Story is credited to Mahatma Kane Jeeves, Fields’ own humorous nom de plume. It’s a deliberate rack on which to hang the varied Fieldsian comedic routines, many of them repeats from previous pictures but with enough new material inserted to overcome the antique gags. A wild auto ride down the mountainside for the climax is an old formula dating back to the Mack Sennett days, but director Edward Cline [and ‘collaborating director’ Ralph Ceder] has refurbished the episode with new twists that make it a thrill-laugh dash of top proportions.

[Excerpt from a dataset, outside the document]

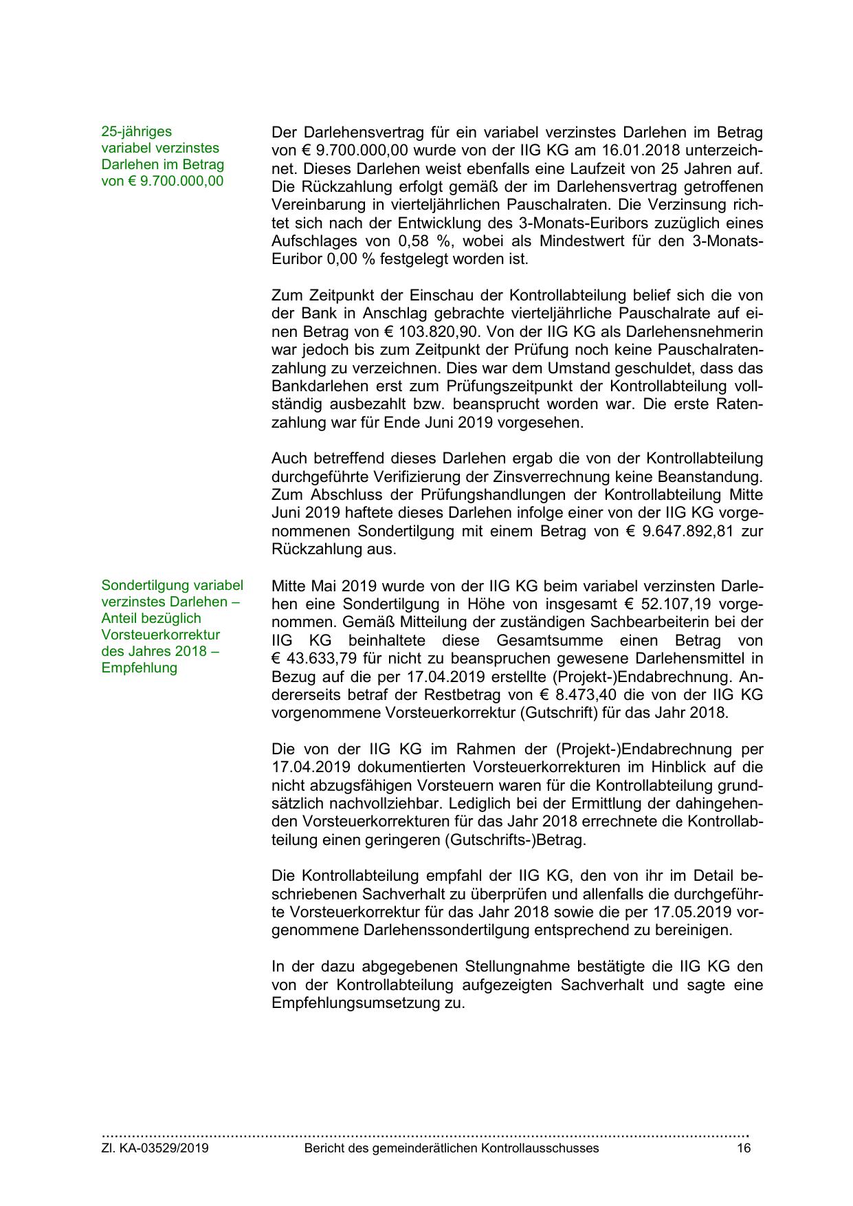Mitte Mai 2019 wurde von der IIG KG beim variabel verzinsten Darlehen eine Sondertilgung in Höhe von insgesamt € 52.107,19 vorgenommen. Gemäß Mitteilung der zuständigen Sachbearbeiterin bei der

Fields is the town’s foremost elbow bender who injects himself into any situation without invitation. The unexpected hero of a bank robbery, he is rewarded with the job of detective to guard against future holdups. He involves his prospective son-in-law as a temporary embezzler to buy wildcat mining stock, and then holds off the bank examiner via the Mickey Finn route. Repeat bank robbery again results in Fields’ accepting hero honors, the reward and sudden riches from a film directing contract.
Several times, Fields reaches into satirical pantomime reminiscent of Charlie Chaplin’s best efforts during his Mutual and Essanay days. Directorial guidance by Cline (graduate of the Keystone Kop school) smacks over every gag line and situation to the fullest extent.
Fields has a field day in tabbing the various characters. His own screen name, he is careful to explain, is pronounced Soo-zay, and not Souse, as it appears from English pronunciation.